Yea this seems like a great way to fight a bunch of people when you try to give them their tab at the end of the night and they got charged $3 more for every shot than what it says on the board.

[-] Leon_Frotsky@hexbear.net 15 points 5 months ago* (last edited 5 months ago)

The gif broke 😭

[-] Adkml@hexbear.net 14 points 5 months ago

On top of all the other horrible shit about this nothing like encouraging a bunch of drunks to do shots of bailey's and cointrea at 1 am because nobody's ordered either of them in three hours.

How many of yall like cement mixers.

[-] frauddogg@lemmygrad.ml 4 points 5 months ago

Idk, I kinda prefer hemorrhages

[-] BakerBagel@midwest.social 3 points 5 months ago

I do a cement mixer whenever i get invoted to someone's 21st birthday party. I was given one on my 21st, so share the love with others on theirs.

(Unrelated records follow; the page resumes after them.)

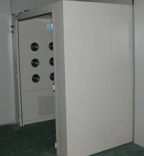 貨淋室通過高效風(fēng)機(jī)作用送風(fēng),經(jīng)高效過濾器過濾后吹出高速潔凈氣流,以22-30m/s超強(qiáng)風(fēng)速,確保進(jìn)入潔凈區(qū)的人員及貨物達(dá)到徹底除塵的效果。采用全自動紅外線感應(yīng)控吹淋,雙門電子互鎖。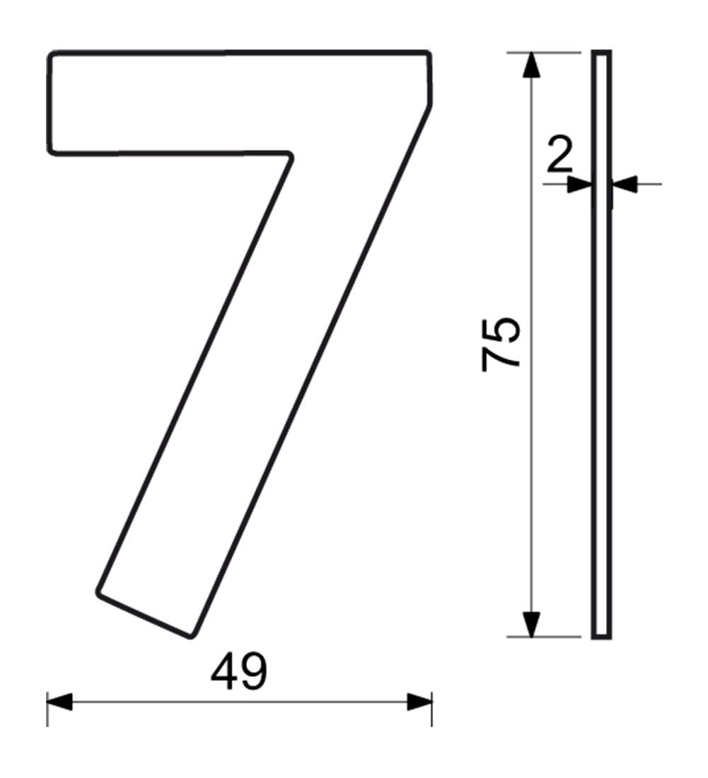 Elegant husnummer 7 med en højde på 75 mm i kvalitets rustfrit stål i mat sort udførelse. Nem montering med klæbning ved hjælp af dobbeltklæbende 3M-tape uden boring. Velegnet til glatte og middel-ru overflader. Fladt 2D-design giver et moderne udtryk og lang levetid.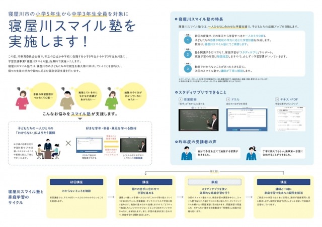 株式会社リクルートマーケティングパートナーズは、寝屋川市(大阪府)より委託契約を受け、学習支援の取り組みを2018年5月より開始しました。支援は、市内の中学生(1,2,3年生全員)と小学生(5,6年生のうち希望者)を対象に、家庭での学習習慣の定着を目的とした学習面でのサポートを行うものです。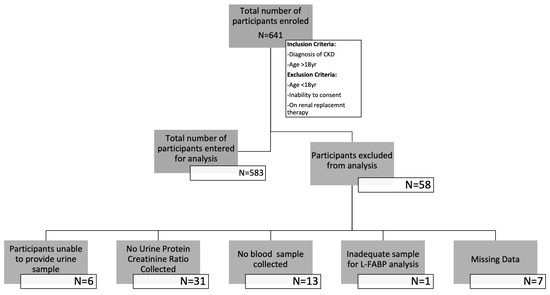 A 20 mL urine sample was provided as part of the participants’ routine clinical care. Then, 10 mL was analysed by the participating centres’ local NHS biochemistry laboratories to measure urinary protein, creatinine and the protein: creatinine ratio (uPCR). The remaining 10 mL sample was stored at −80° pending measurement of uL-FABP levels using an Enzyme-Linked Immunosorbent Assay (ELISA).
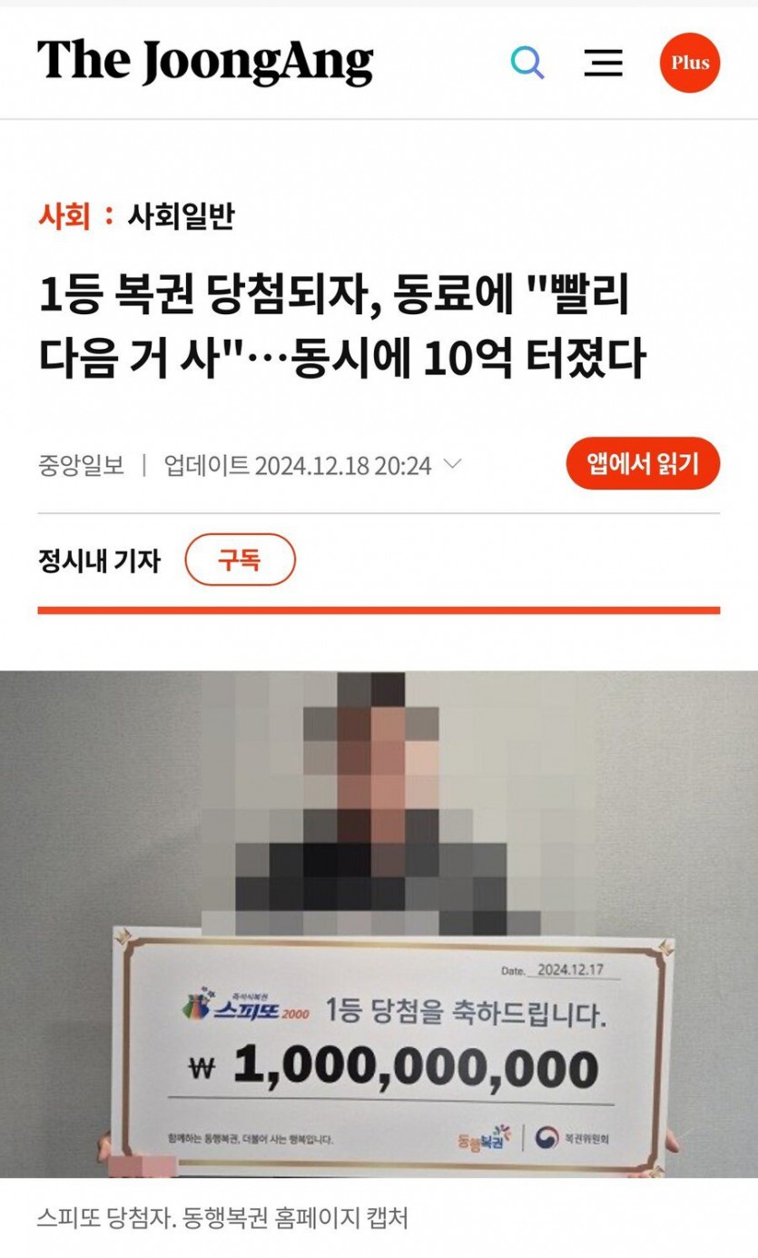 스피또 10억 당첨자 확인하고 동료한테 빨리가서 한정사라.동료 10억당첨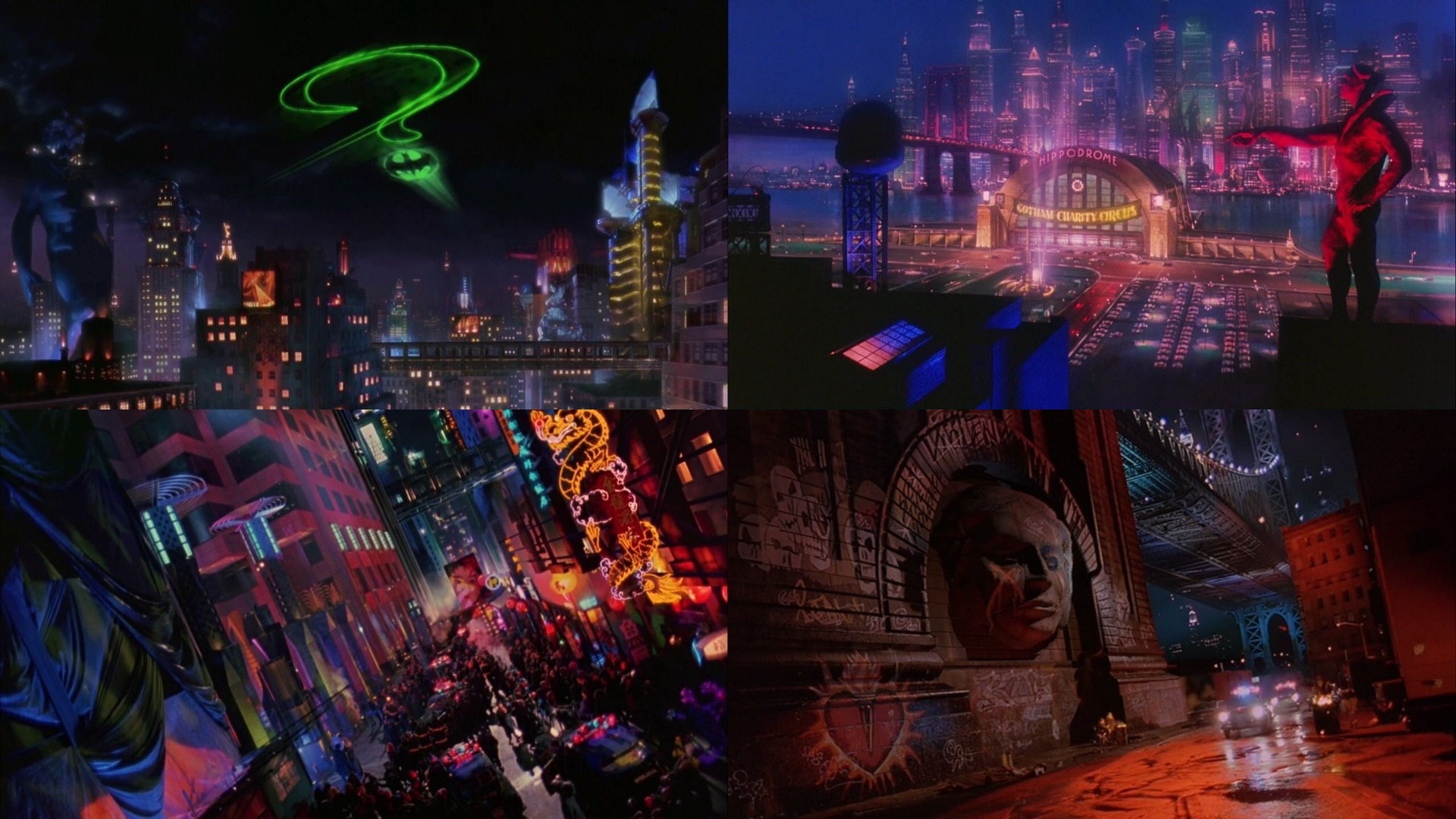 The directors commentaries are interesting to check out on these two movies. One perspective I never considered is that Schumacher is from the first/second generation of Batman fans. His whole push for a colorful Gotham was driven from the childhood Batman comics he read growing up, with their bright four color look. At the same time, he's also bringing in his own artistic influences from the club scenes, from pop art , picking up the gothic/horror influence of Burton, and so on. He was an interesting character. When the Flaming Lips comes on in the Riddler's apartment scene, he excitedly remarks that he loves the Flaming Lips. He would've been like 60+ on that commentary, him being into a band that's more of a Gen X/early millenial thing is kinda interesting. You have this whole range of influences from across the 20th century mashed into these movies. At one point he considered making the Batmobile look like the 40's/50's bubble dome design, before heavily veering off last minute to the Geiger inspired design. All in all, a very unique style that I doubt we'll ever see again in superhero movies.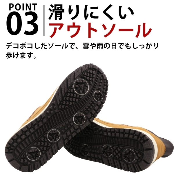 4cm×4時間の防水設計で、雨でも濡れずに快適です。天気を気にせず履くことができます。

[-] Gamer_time@hexbear.net 13 points 5 months ago
[-] frauddogg@lemmygrad.ml 4 points 5 months ago

HOPE ERADICATED.

[-] SorosFootSoldier@hexbear.net 12 points 5 months ago

I can't even go to a bar and drink myself into oblivion. It. Just. Keeps. Getting. Worse.

[-] oscardejarjayes@hexbear.net 11 points 5 months ago

Not quite what the title made me imagine, but this is worse

[-] TechnoUnionTypeBeat@hexbear.net 4 points 5 months ago

combining alcoholism and the stock exchange with a bar game

Oh for real VA-11 Hall-A is finally getting its sequel?

in real life

yea

[-] 2Password2Remember@hexbear.net 9 points 5 months ago

i'll never have to worry about this because i would simply never be in a bar where people who would like this would go

Death to America

[-] Packet@hexbear.net 8 points 5 months ago

I LOVE GAMBLING WHILE DRUNK SO I CAN GAMBLE MORE TO BE MORE DRUNK SO I CAN GAMBLE MORE TO BE MORE DRUNK SO I CAN GAMBLE MORE TO BE MORE DRUNK

[-] barrbaric@hexbear.net 7 points 5 months ago

Bit idea: we build one of these but when some stonks asshole walks in the front door, they immediately fall down a trapdoor.

[-] Lerios@hexbear.net 6 points 5 months ago

aw i saw shitposts about this and thought it looked pretty fun, like stock trading but without the cruelty and capitalism and crushing horror. like the real stock market sucks shit but i'm baller at the cookie clicker stock market mini game.

[-] CthulhusIntern@hexbear.net 6 points 5 months ago

There's no way they'll actually let this be organic, because patrons could totally just play the market like they're Wall Street.

[-] Feinsteins_Ghost@hexbear.net 6 points 5 months ago

Its pretty problematic yeah, but im not sure it rates as manmade horror beyond comprehension.

[-] Leon_Frotsky@hexbear.net 3 points 5 months ago

manmade horror that is easily comprehendable

[-] MolotovHalfEmpty@hexbear.net 5 points 5 months ago

Oh god, please don't let these get popular again. I thought we were done with this gimmick like a decade or more ago.

[-] BGDelirium@hexbear.net 5 points 5 months ago

Reason number #eleventybillion not to drink

[-] WhatDoYouMeanPodcast@hexbear.net 2 points 5 months ago

This looks cute, why is it a problem in particular? I don't drink, but I'd go to a place that had little snacks.